Video prediction, which aims to synthesize new consecutive frames subsequent to an existing video, has broad applications in autonomous driving, task planning, weather forecasting, and new view synthesis. However, its performance suffers from uncertainty of the future. As a high challenging task in video prediction, Nowcasting Convective Precipitation (NCP) aims to forecast precise rainfall intensity for a specified region over a six-hour period. Application of NCP has a significant importance to agriculture, flood alerting, daily life of citizens and transportation. A commonly-used technique for NCP is to perform extrapolation based on radar echoes, whose history can be dated back to the early 1960s. However, traditional Numerical Weather Prediction(NWP) models easily suffer from the imprecision of original data when their measurement is low-precision. Consequently, these models may have non-robust performance, especially in the first few fours. As the increase of huge amount of video-like radar echo data, fortunately, there exists high opportunities to refine the performance of NCP by utilizing machine learning and video prediction-related methods. For example,

[5] decomposed the input video frames into poses and contents to predict each content separately, and then predicted better future images. [7, 1, 2]estimated multiple high quality possible future frames by sample on a latent feature space learned from a variational auto-encoder.

With the consecutive 6-minute-interval radar echo frames as the input and output data, [10, 11] dealt the issue of NCP based on the framework of video prediction. Specifically, [10] proposed encoder-decoder based convolutional LSTM, which is broadly used in various video prediction tasks. Predictive RNN (PredRNN)[15] and PredRNN++[14] achieved the state-of-the-art by combining ConvLSTM with a new Spatial-Temporal-LSTM structure, and applying layer normalization together with a zigzag connection across different LSTM layers. Although video prediction methods can be applicable to the NCP task, the performance of their models suffers from stochastic and unpredictable existed in the real-world events[1]. The reason is that NCP is highly influenced by temperature, atmosphere, wind, humidity and such like. Since all of these meteorological parameters cannot be captured by radar echo images, it brings new challenges to video prediction methods.

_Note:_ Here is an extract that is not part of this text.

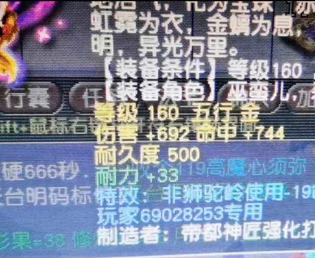 就在近日,主播梧桐直播的时候有位玩家发来了一把武器。这是一件160级新出的专用宝珠,伤害692已然是超越系统上限了,命中744、单加33耐力能熔炼到39。打16锻玛瑙石,这把武器的综合总伤可以达到1103!这样的属性可谓是非常极限的了,号主直接叫价200万。因为在同类型的1100伤男武器里,都没有低于200万成交的。可是,当前版本的魔族物理狮驼岭并不是非常强势,所以魔族武器没有枪扇贵,小编认为能卖到150万就非常不错了。

In this paper, we first propose a simple yet effective star-shape information bridge to transfer features across time-steps. We also discuss about group normalization which significantly improves the performance of our network. Inspired by Critical Success Index (CSI) skill score from weather forecasting field, we propose a novel multi-sigmoid loss for NCP task. We evaluate our StarBriNet on two datasets: a Moving MNIST dataset and a Radar Echo dataset of east China. Experiments demonstrate that we achieve the state-of-the-art on both datasets.

The contributions of this paper are stated as follows:

  1. We propose an efficient end-to-end network SBLSTM for precipitation convective nowcasting.

  2. We propose an effective star-shape infomation bridge for recurrent network.

  3. We propose a new multi sigmoid loss for precipitation nowcasting task.

2 Related Works

In this section, we will briefly survey the development of convolutional LSTM, precipitation nowcasting problem and group normalization.

2.1 Convolutional LSTM.

Video prediction has received increasing attention in the recent years. Generally speaking, the nontrivial task of video prediction has been studied based on Convolutional Neural Networks (CNNs) and Recurrent Neural Networks (RNNs). Methods based on CNNs are well-known for extracting features from images and dealing with complicated images and videos

[3]. However, using pure convolutional networks is limited by an inability to deal with temporal information from input video thus, creating a crucial problem in video prediction. Apart from CNN-based methods, researchers also dig into RNN-based methods for video prediction. Convolutional LSTM[10]

is an effective one within various RNN methods. Following the Long Short Term Memory model, ConvLSTM utilizes its recurrent neural network architecture to memorize temporal information in a video sequence and extracts the spatial feature maps by using convolutional operation. Therefore, we refine it for better prediction performance in this paper.

2.2 Precipitation Nowcasting.

The task of video prediction is of great value to precipitation nowcasting problem. Previous works such as [10] and [15] have studied in video prediction and applied their models to realistic precipitation forecasting, like Figure 1.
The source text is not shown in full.